Tomorrow will mark the completion of 23 weeks of working out. Honestly, by now I thought I be a little closer to my weight loss goal. Initially, I planned on losing at least a pound a week. In reality it has been about a pound every two weeks. (Also I actually gained weight back last month which I blame on the three Thanksgiving dinners in two days that we had.) I was weighed and measured today and I thankfully have lost most of the weight I gained last month and even through my weight gain I continued to lose inches last month and this month.
Even though it might sound like it I'm not down on myself. I am actually proud that I have kept up going to the gym. I do however need to start getting back in the habit of going as much as I did when I first got started. It was also a lot easier a few months ago because one of my best friends was going with me. She has since moved across town and can no longer go to the gym (which is ironic since she is the one that talked me into signing up!)

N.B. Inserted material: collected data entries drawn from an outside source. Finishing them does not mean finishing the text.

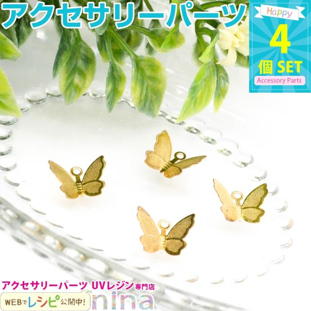 小さな蝶チャーム ゴールド カン付き 4個セット | 蝶チャームでおしゃれアレンジ! / チャーム 蝶 ゴールド 金 バタフライ 手作り レジン UVレジン アレンジ カン付き レジン液 可愛い おしゃれ ハンドメイド 手芸
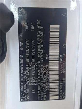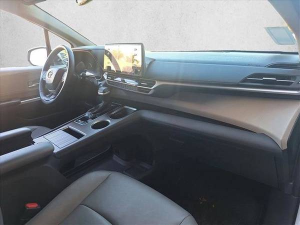 * Sun/Moonroof * 3rd Row Seat * Special Color * All Weather Floor Liners (Tms) * Roof Rails * Lane Keeping Assist * T155/80R17 Temporary Spare Tire * Keyless Start * Rear Spoiler * 50 State Emissions * Graphite; Softex Seat Trim (Ea) * Wind Chill PearlThis vehicle includes a Money-Back Guarantee* and passed our precise inspection process. Best of all the price you see is the price you pay. No haggling. No back and forth. No pressure. And this price is so good it is guaranteed. *Money-Back Guarantee is valid for 5 days or 250 miles, whichever comes first. Subject to certain terms and conditions. See store for details. Some restrictions apply.Interior Audio Plus-9-in.Touchscreen w/8-Speakers Apple CarPlay & Android Auto Compatible USB Media Port, 6 USB Charge Ports SiriusXM w/3-Month Platinum Plan Trial Four Zone Auto Climate Control SofTex-Trimmed Seats, Heated & Power Front Seats, 2nd-Row Captain's Chairs w/ Super-Long-Slide Feature, 60/40 One-Motion-Stow w/Split & Stow 3rd Row Seat Rear Seat Reminder For Full Product Details, Please Visit Toyota.com/Sienna Exterior LED Headlights with Auto On/Off Feature Hands-Free Dual Power Sliding Side Doors Power Liftgate Frt & Rear Parking Assist w/ Auto Brake Power Tilt / Slide Moonroof Exterior Dimensions Mechanical / Performance 2.5L 4-Cylinder Engine 245 Combined Net Horsepower Electronic Continuous Var. Tran. (ECVT) 17-in Wheels Electronic On-Demand All-Wheel Drive Safety and Convenience Toyota Safety Sense 2.0: Pre-Collision Sys w/Pedestrian Detection, Full-Speed Range Dynamic Radar Cruise Control, Lane Departure Alert w/Steering Assist, Lane Tracing Assist, Automatic High Beams, Road Sign Assist STAR Safety System LATCH-Lower Anchor & Tether for Children Blind Spot Monitor w/ RCTA 5-Door Smart Key w/ Push Button Start Connected Services Capable. 4G network dependent. See Toyota.com for details.
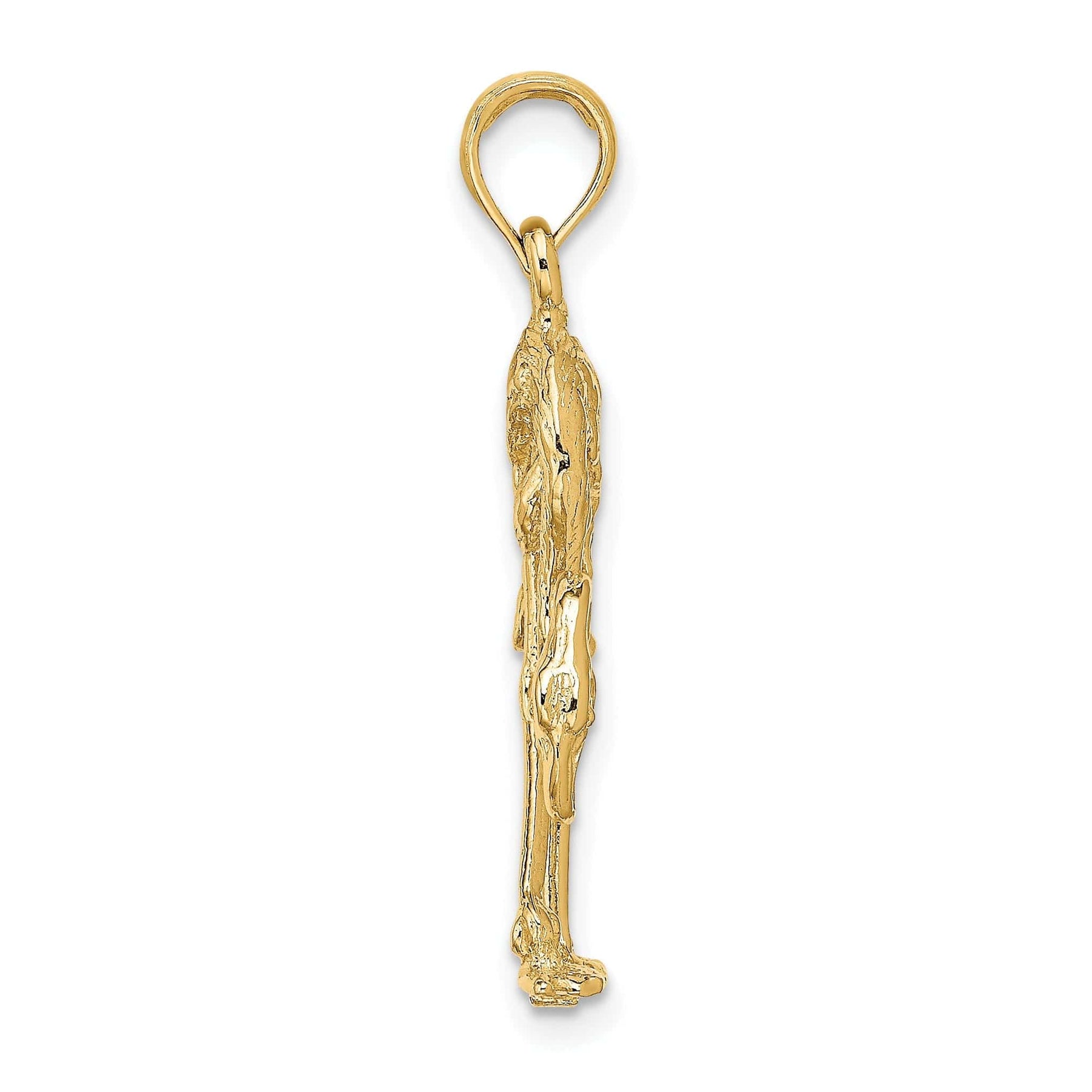 14K Yellow Gold Polished Textured Finish 3-Dimensional Flamingo Design Charm Pendant

I've been feeling a little on the lonely side sometimes since she moved too, which is funny since she just lives across town. We hardly talk that much anymore (both just busy) and when we do it is mostly about what is going on with her since things have been going pretty crappy lately. Other than that I guess we don't have much to talk about since our lives are pretty different right now. When we do manage to get together though we have a blast and don't run out of things to talk about it is just the in between times that stink. Thank goodness for my Mom friends or I would have gone crazy by now. I always have a blast hanging out with them and I know someone is always able to get together and hang out. I guess I just wish I had a fellow mom best friend (if that even makes sense.)
Really, I'm not as sad and depressed as this is all sounding. I think I am just PMSing. I am so over this whole my cycle being regular thing. I guess not having a period for two years made me forgot how crazy and hormonal I get around this time of the month (which I will NEVER admit to my dear husband... because then he would use that whole "is it that time of the month?" every time we got into a disagreement.)